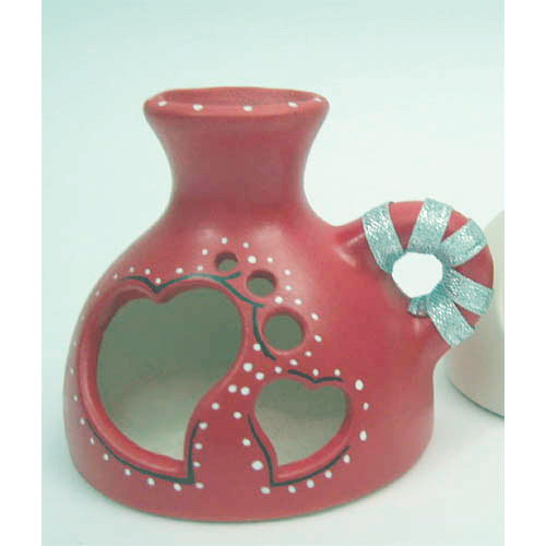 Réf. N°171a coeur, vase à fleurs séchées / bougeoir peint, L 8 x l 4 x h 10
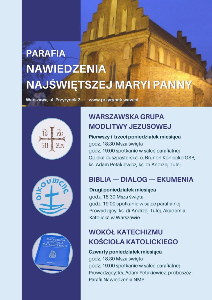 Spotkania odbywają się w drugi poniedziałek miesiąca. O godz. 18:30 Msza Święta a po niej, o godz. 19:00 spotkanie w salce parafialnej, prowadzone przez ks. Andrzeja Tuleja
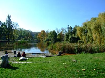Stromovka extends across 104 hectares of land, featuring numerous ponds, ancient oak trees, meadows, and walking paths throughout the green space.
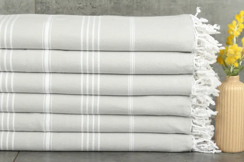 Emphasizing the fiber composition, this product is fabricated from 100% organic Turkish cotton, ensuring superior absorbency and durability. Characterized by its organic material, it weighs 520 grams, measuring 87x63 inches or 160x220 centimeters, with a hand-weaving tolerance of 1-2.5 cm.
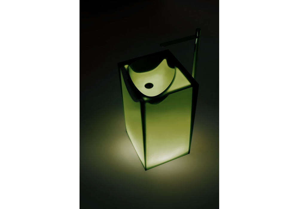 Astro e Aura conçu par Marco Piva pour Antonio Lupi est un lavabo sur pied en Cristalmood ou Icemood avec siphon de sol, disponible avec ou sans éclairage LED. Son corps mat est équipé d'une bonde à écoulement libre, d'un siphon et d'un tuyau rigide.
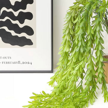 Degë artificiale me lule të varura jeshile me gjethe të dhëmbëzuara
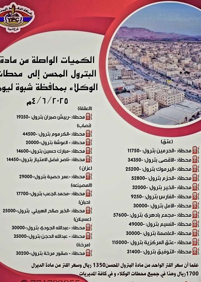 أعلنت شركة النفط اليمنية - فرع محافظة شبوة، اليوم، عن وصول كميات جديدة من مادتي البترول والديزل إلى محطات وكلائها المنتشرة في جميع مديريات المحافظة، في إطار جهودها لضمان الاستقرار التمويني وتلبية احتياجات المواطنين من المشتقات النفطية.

---

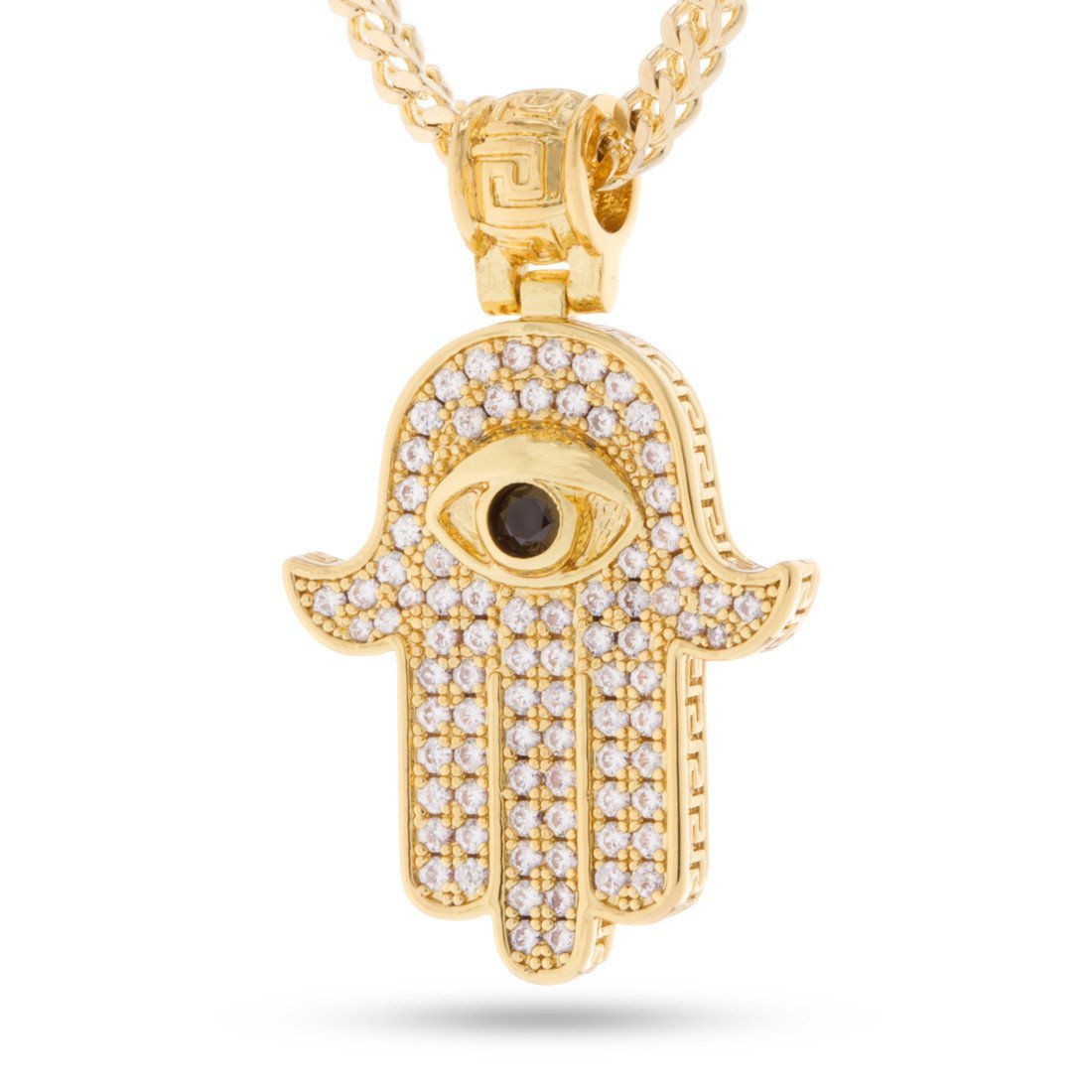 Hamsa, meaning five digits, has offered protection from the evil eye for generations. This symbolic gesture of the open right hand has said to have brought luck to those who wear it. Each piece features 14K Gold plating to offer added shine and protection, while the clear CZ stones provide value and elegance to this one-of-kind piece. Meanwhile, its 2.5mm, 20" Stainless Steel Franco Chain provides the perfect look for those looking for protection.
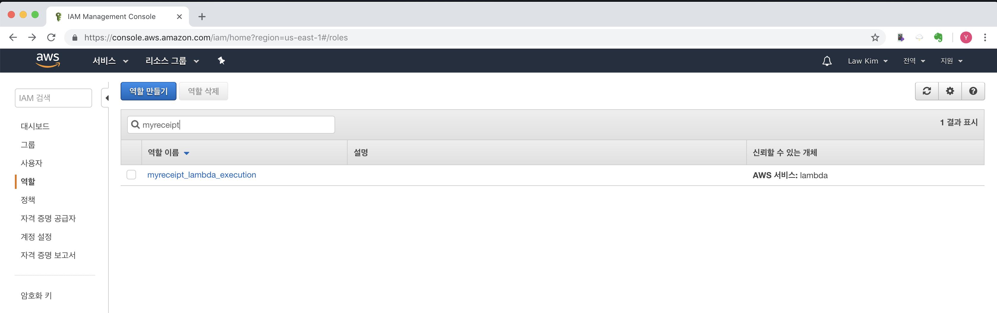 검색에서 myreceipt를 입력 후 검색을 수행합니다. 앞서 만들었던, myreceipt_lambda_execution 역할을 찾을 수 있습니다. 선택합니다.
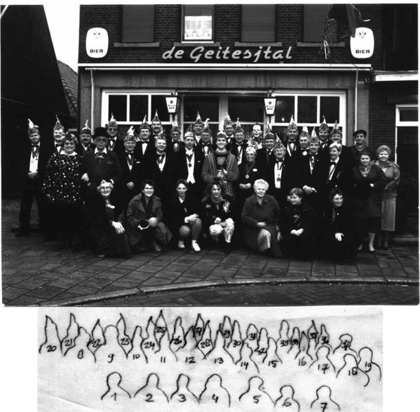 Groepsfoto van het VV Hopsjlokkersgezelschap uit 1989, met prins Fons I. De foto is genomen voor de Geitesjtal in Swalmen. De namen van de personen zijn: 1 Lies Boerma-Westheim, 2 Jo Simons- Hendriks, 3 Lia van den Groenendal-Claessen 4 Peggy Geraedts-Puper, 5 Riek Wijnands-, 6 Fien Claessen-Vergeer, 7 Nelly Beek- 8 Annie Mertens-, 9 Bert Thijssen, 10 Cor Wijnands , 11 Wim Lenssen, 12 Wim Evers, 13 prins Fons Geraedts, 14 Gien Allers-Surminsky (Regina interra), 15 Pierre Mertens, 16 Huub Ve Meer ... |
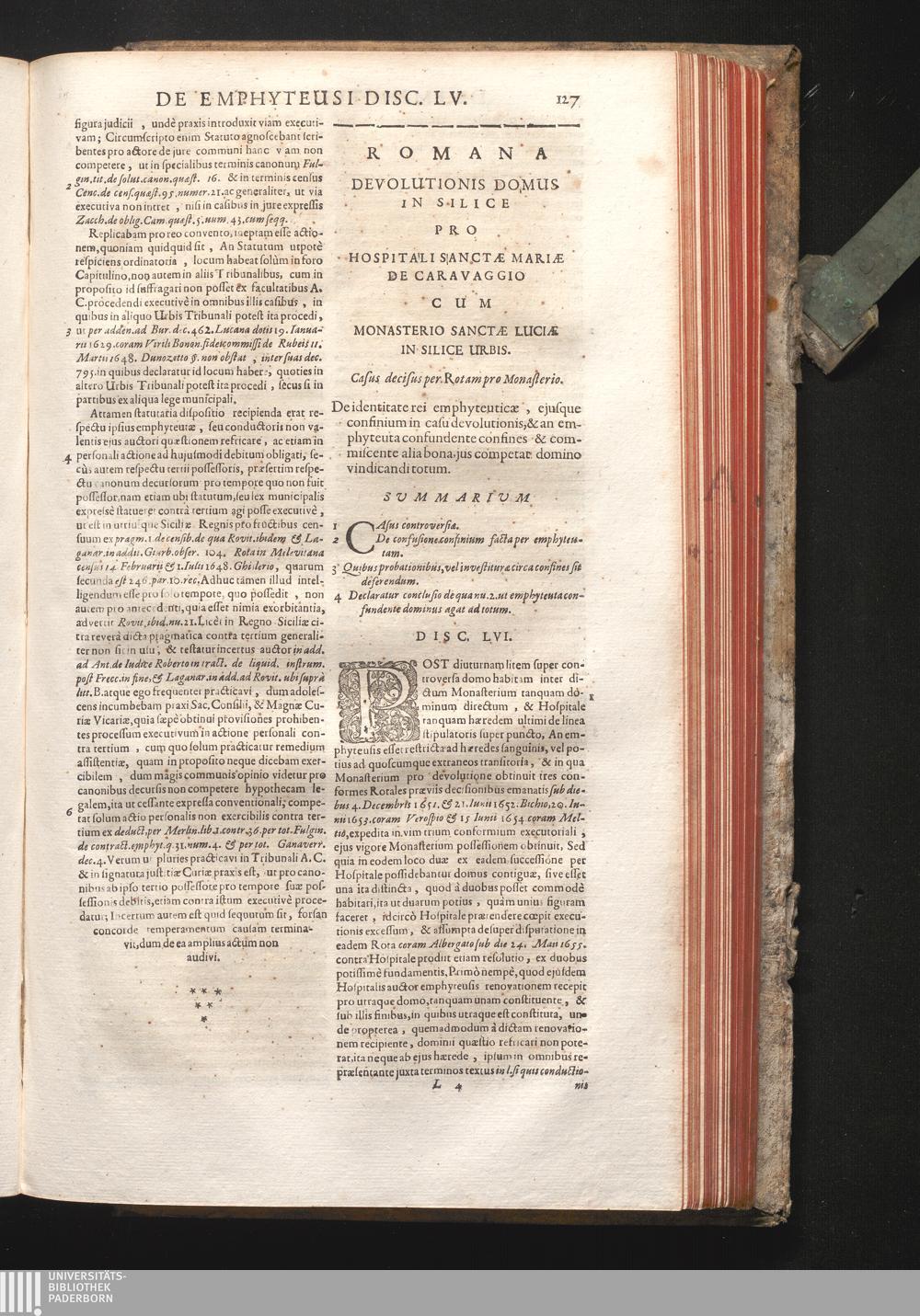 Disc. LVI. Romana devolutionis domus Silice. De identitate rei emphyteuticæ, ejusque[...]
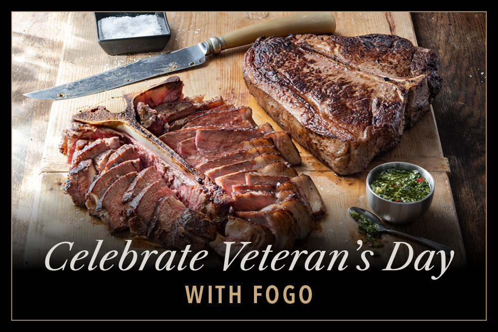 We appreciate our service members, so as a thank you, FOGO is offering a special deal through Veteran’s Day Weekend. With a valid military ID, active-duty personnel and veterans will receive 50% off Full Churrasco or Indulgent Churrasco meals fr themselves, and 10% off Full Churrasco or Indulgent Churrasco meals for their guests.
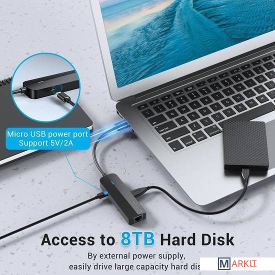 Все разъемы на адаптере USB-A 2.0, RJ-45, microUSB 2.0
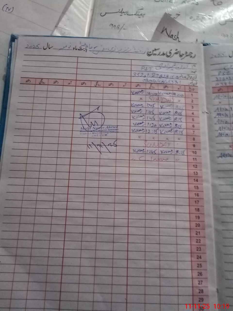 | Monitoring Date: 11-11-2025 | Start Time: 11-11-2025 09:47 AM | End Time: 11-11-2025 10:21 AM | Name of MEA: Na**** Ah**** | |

==

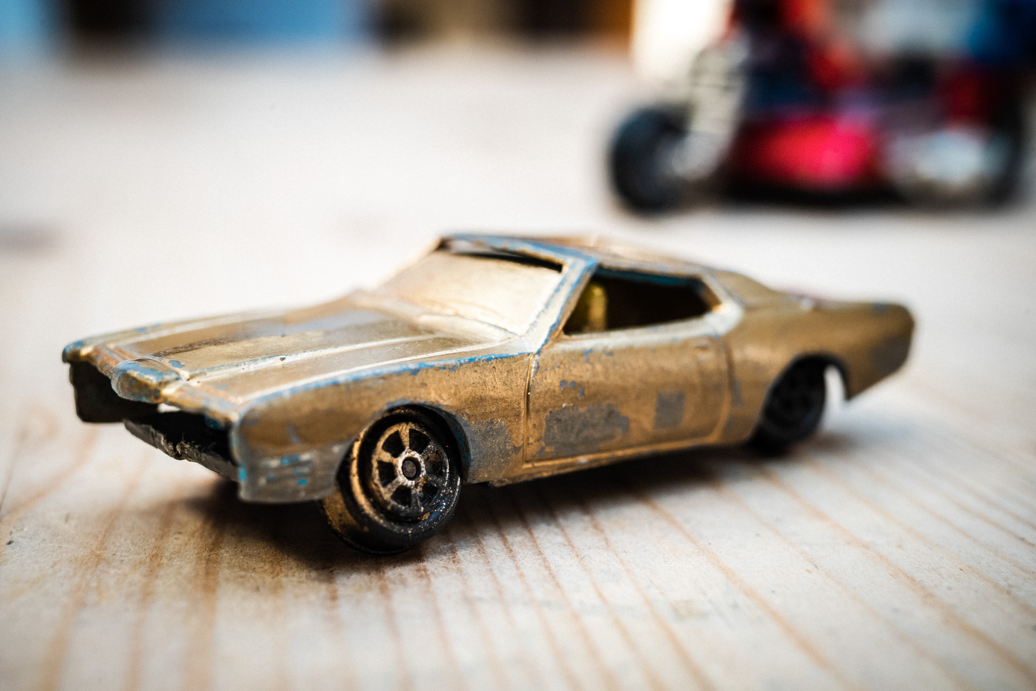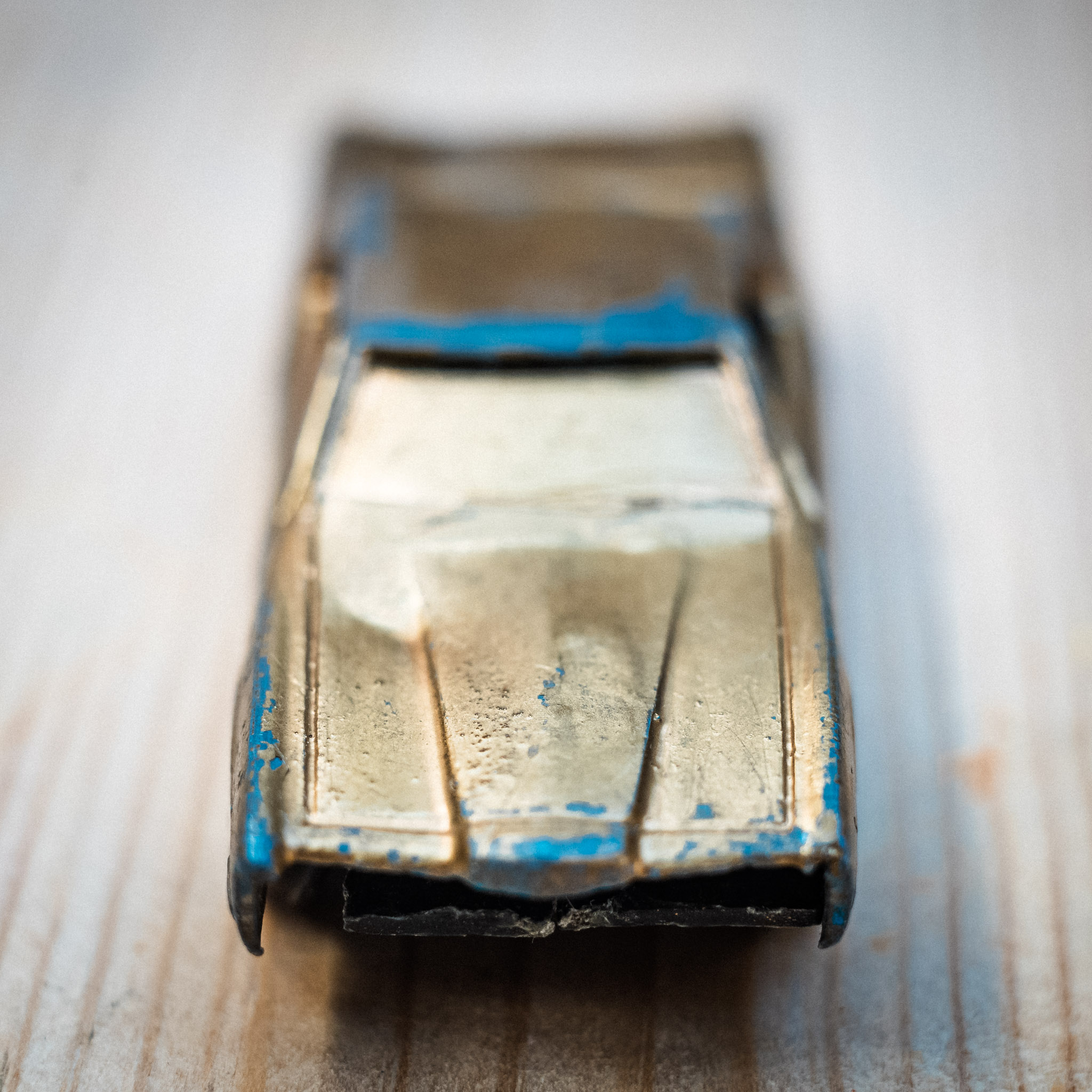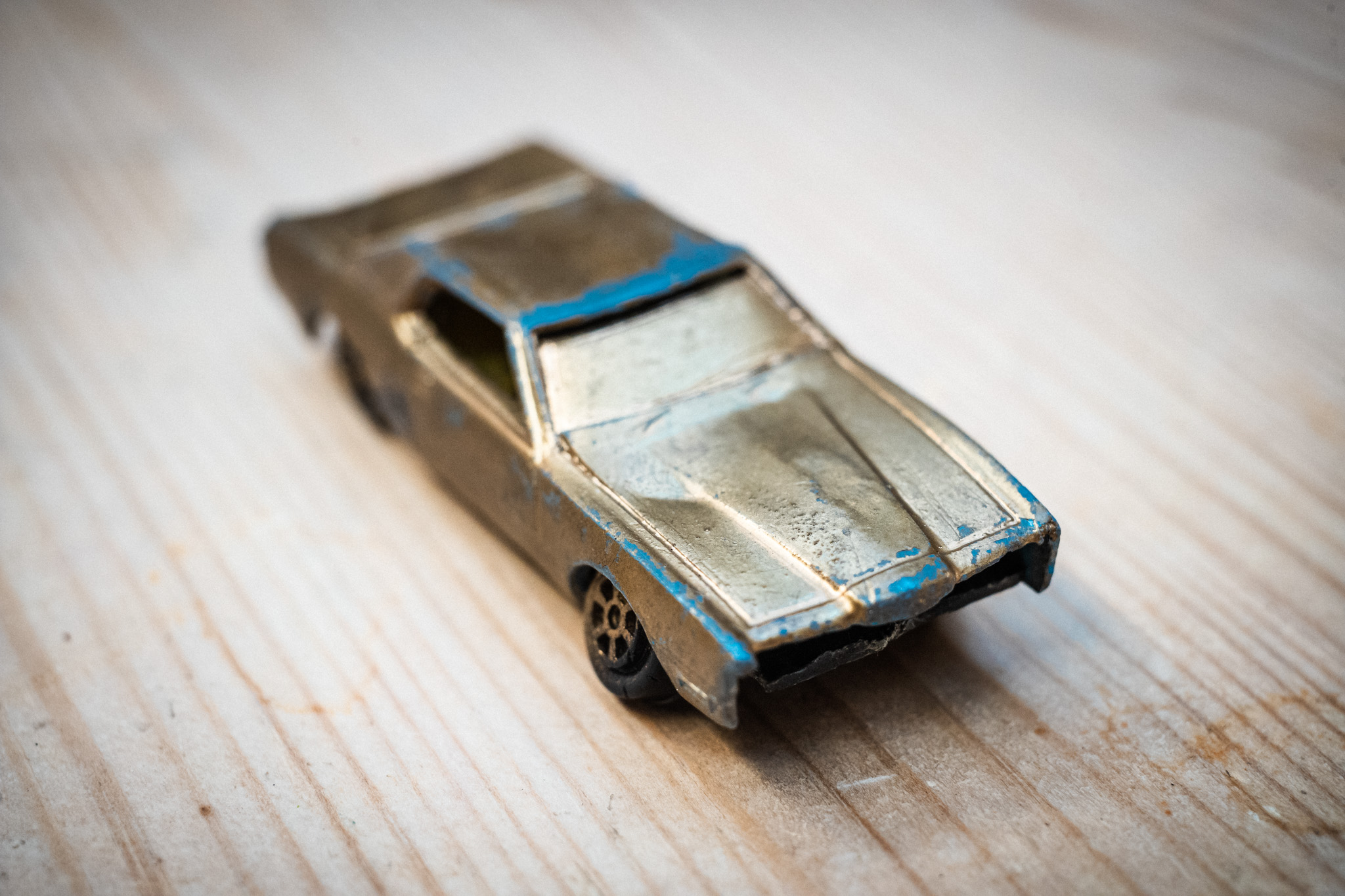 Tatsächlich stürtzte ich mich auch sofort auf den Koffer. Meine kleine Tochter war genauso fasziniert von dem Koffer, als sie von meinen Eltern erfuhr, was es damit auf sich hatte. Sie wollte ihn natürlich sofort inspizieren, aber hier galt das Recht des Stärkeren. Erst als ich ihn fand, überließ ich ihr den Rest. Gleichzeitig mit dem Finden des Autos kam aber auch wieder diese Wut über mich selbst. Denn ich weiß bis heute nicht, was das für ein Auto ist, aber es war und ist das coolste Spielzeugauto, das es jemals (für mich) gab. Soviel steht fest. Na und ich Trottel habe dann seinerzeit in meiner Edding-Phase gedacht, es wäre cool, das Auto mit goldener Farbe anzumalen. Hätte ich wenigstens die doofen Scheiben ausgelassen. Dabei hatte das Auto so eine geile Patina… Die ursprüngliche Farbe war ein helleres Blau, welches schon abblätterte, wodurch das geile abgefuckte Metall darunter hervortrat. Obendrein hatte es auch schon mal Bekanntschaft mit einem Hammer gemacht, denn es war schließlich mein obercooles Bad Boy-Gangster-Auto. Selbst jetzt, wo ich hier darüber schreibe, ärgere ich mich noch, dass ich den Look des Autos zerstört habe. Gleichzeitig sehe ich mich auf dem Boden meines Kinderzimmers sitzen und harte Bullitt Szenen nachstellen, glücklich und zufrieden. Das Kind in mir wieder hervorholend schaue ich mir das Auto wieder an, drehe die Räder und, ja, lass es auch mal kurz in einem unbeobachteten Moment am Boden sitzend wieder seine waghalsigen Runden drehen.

■ **ASSIGNMENT**
Retype the lines above exactly as they appear, from the line containing "검색에서 myreceipt를 입력" through the line containing "Groepsfoto van het", and leave out any pictures.

■ **COMPLETED EXERCISE**
 검색에서 myreceipt를 입력 후 검색을 수행합니다. 앞서 만들었던, myreceipt_lambda_execution 역할을 찾을 수 있습니다. 선택합니다.
 Groepsfoto van het VV Hopsjlokkersgezelschap uit 1989, met prins Fons I. De foto is genomen voor de Geitesjtal in Swalmen. De namen van de personen zijn: 1 Lies Boerma-Westheim, 2 Jo Simons- Hendriks, 3 Lia van den Groenendal-Claessen 4 Peggy Geraedts-Puper, 5 Riek Wijnands-, 6 Fien Claessen-Vergeer, 7 Nelly Beek- 8 Annie Mertens-, 9 Bert Thijssen, 10 Cor Wijnands , 11 Wim Lenssen, 12 Wim Evers, 13 prins Fons Geraedts, 14 Gien Allers-Surminsky (Regina interra), 15 Pierre Mertens, 16 Huub Ve Meer ... |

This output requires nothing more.